Operator Theory-Driven Autoformulation of MDPs for Control of Queueing Systems

Autoformulation is an emerging field that uses large language models (LLMs) to translate natural-language descriptions of decision-making problems into formal mathematical formulations. Existing works have focused on autoformulating mathematical optimization problems for $\textit{one-shot}$ decision-making. However, many real-world decision-making problems are $\textit{sequential}$, best modeled as $\textit{Markov decision processes}$ (MDPs). MDPs introduce unique challenges for autoformulation, including a significantly larger formulation search space, and for computing and interpreting the optimal policy. In this work, we address these challenges in the context of queueing problems---central to domains such as healthcare and logistics---which often require substantial technical expertise to formulate correctly. We propose a novel operator-theoretic autoformulation framework using LLMs. Our approach captures the underlying decision structure of queueing problems through constructing the Bellman equation as a graph of $\textit{operators}$, where each operator is an $\textit{interpretable}$ transformation of the value function corresponding to certain $\textit{event}$ (e.g., arrival, departure, routing).
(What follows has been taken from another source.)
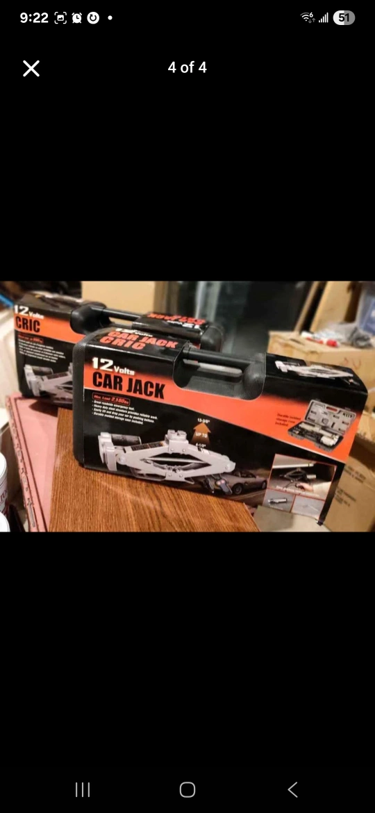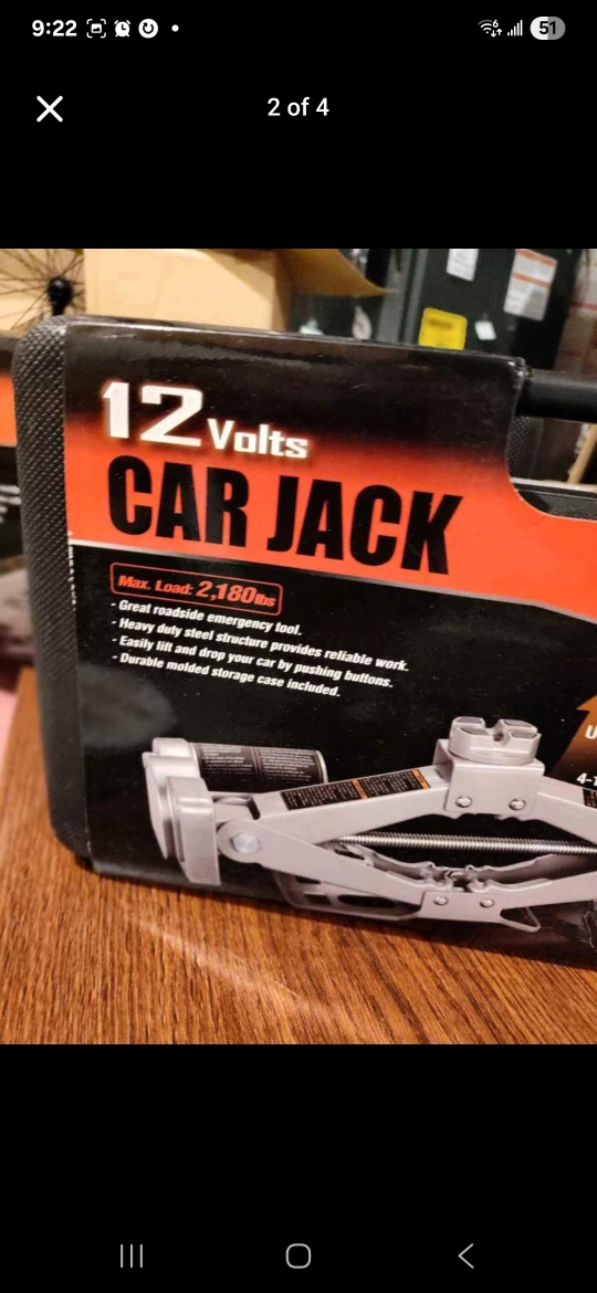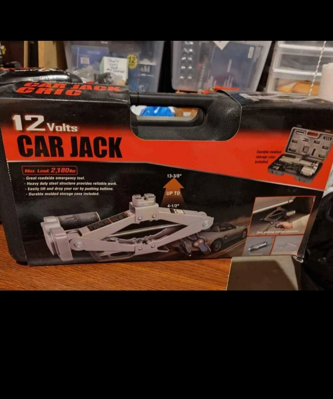 Selling a 12 Volts Car Jack. It is a great roadside emergency tool. The heavy duty steel structure provides reliable work. You can easily lift and drop your car by pushing buttons. A durable molded storage case is included too

Theoretically, we prove a universal three-level operator-graph topology covering a broad class of MDPs, significantly shrinking the formulation search space. Algorithmically, we propose customized Monte Carlo tree search to build operator graphs while incorporating self-evaluation, solver feedback, and intermediate syntax checking for early assessment, and present a provably low-complexity algorithm that automatically identifies structures of the optimal policy (e.g., threshold-based), accelerating downstream solving. Numerical results demonstrate the effectiveness of our approach in formulating queueing problems and identifying structural results.